Донал стукнул рукой по столу:
– И ты думаешь, что я позволю им вернуться в то место, откуда начинал сам? Нет! Я хочу, чтобы мои сыновья соперничали с лучшими и были лучше всех. Кастовость, классы определяют все, неужели ты этого не понимаешь? Лучшие школы, связи – это пронизывает весь деловой мир и правительство. Нет, они не могут оставаться здесь. Это окончательно.
Ей был отвратителен его снобизм. Но все-таки в его словах был смысл. Она сама получила лучшее образование.
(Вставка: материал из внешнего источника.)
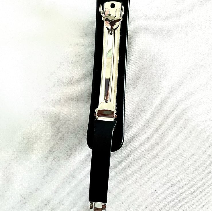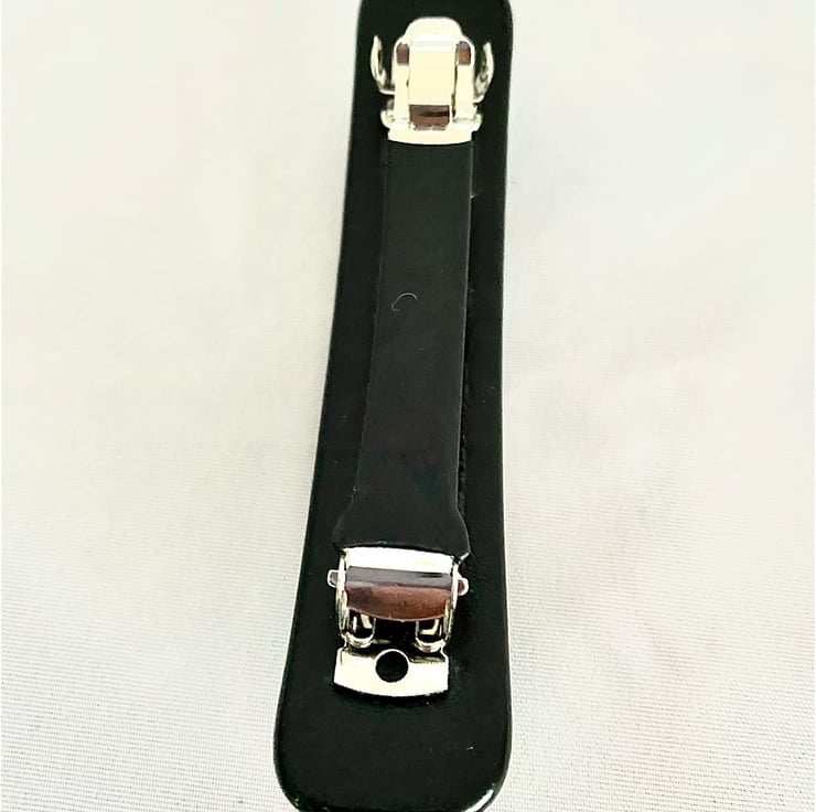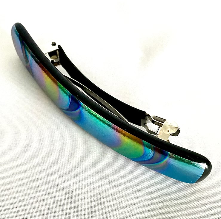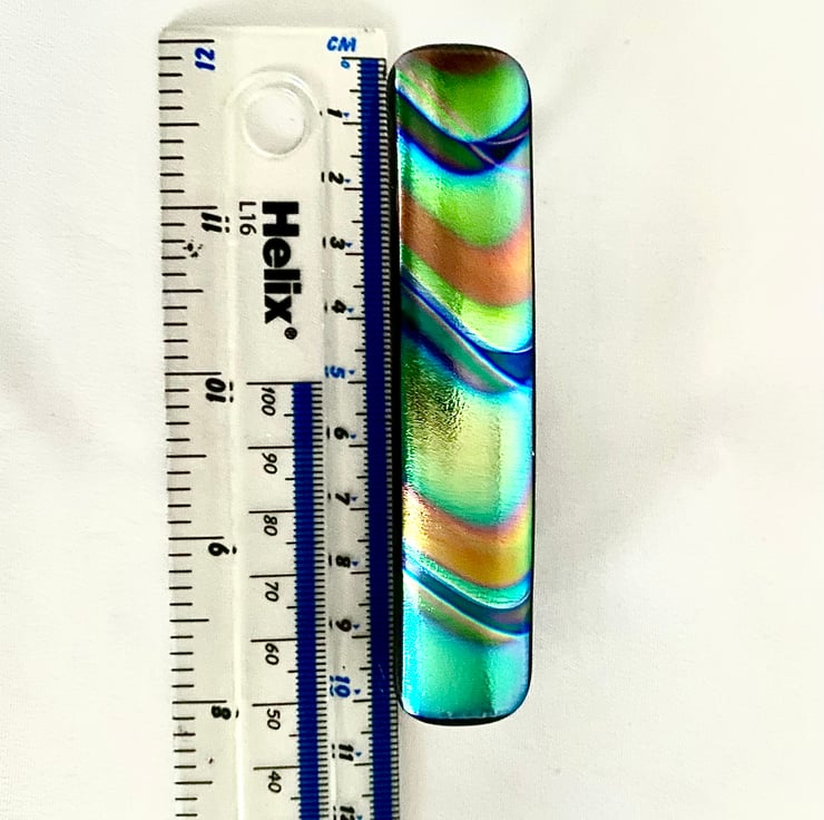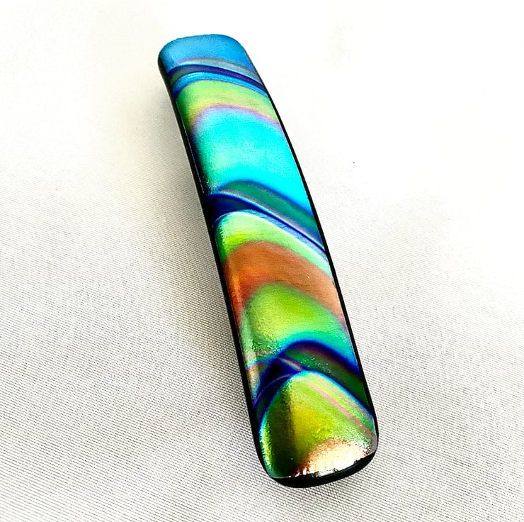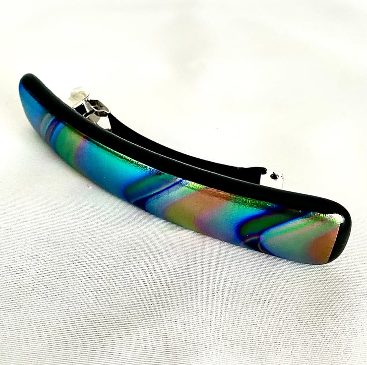 This unique hair barrette clip measures 10 cm long and is made with two sheets of art glass fused to one strip and firmly glued to a 8cm clip. The fusing took place in a specialist glass kiln fired to 780 degrees Celsius before slowly being cooled in a controlled programme to prevent thermal shock.

– Послушай, Мэг, я снова все скажу. Есть два пути, как справиться с этим. Мы можем тихо, пристойно развестись. Я не хочу этого, но хочешь ты, поэтому ты начнешь разводиться несмотря ни на что. Я понимаю это. Но если ты запросишь слишком много, я буду бороться. В этом случае будет много грязи, и я все равно одержу верх. Так как это будет? Это или спокойный компромисс?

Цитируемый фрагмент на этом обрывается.